The artist rebutted: "I wanted to make people aware of the Montgomery as it’s part of Sheerness. Some people would like to deny its existence."
The mermaid makes some local people uncomfortable because it reveals a truth about their town they'd rather not have to acknowledge - the ever-present danger to their lives from the offshore explosives. For a certain kind of authority figure, the reminder of a dangerous situation is worse than the actual danger, because without the reminder they can continue to live their lives without having to address the elephant in the room.
This xkcd strip about data pipelines makes me laugh - but it also makes me think about the robustness of my code.
Sometimes the equivalent of a Sheerness Mermaid Mural is the only way you can spot a problem that's become engrained in the way your code is put together.

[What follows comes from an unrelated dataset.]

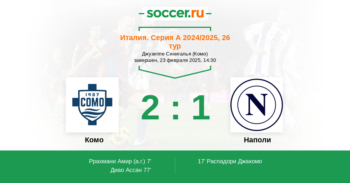 Комо - Наполи: обзор матча 23 февраля 2025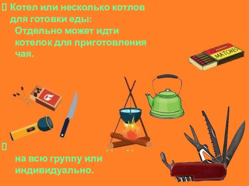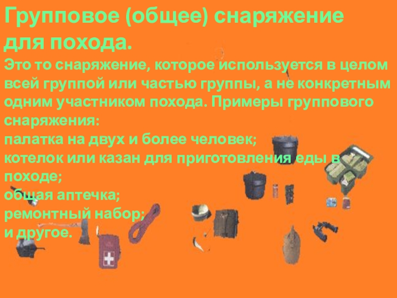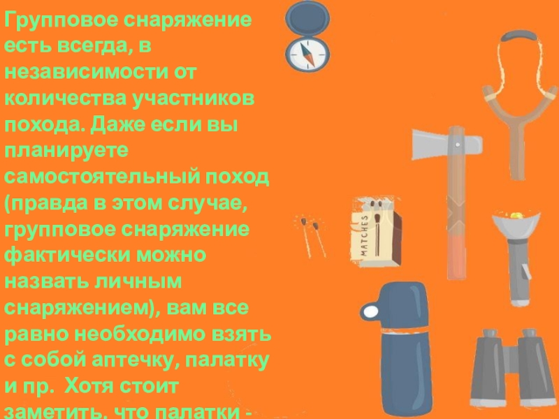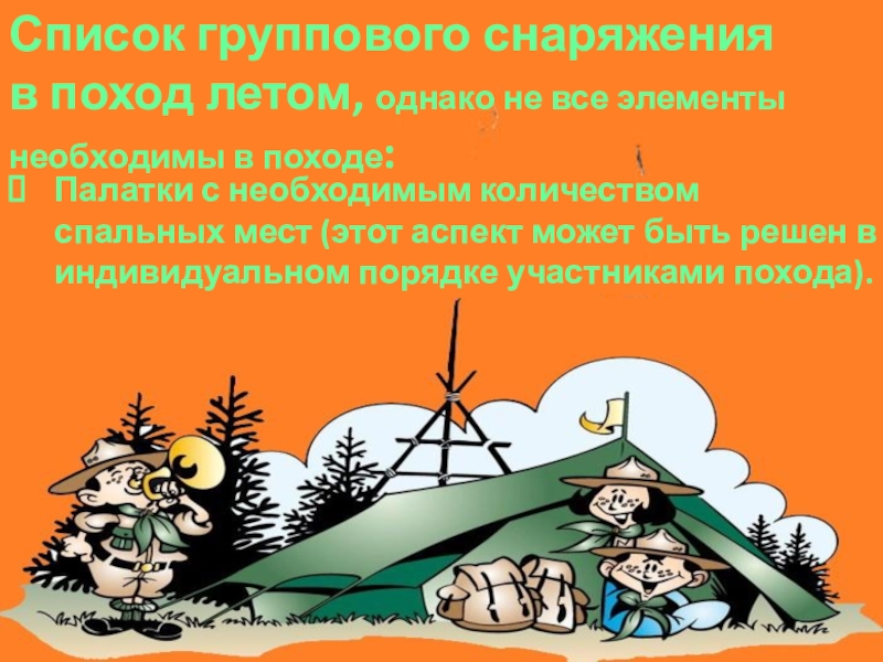 Палатки с необходимым количеством спальных мест (этот аспект может быть решен в индивидуальном порядке участниками похода).

Is there a particular XKCD or Dilbert cartoon that seems to epitomise the bugs and problems you're encountering? Perhaps all the developers working on a particular part of the codebase have a set of in-jokes describing the way a certain class behaves itself? A kind of gallows humour about how a module is annoying to use, something that makes you cringe because it's a little too accurate?
These are all clues to what might be underlying dysfunctions of your code. By paying attention to them, you might be able to spot an unexploded bomb and defuse it, before your users discover it and blow things sky-high.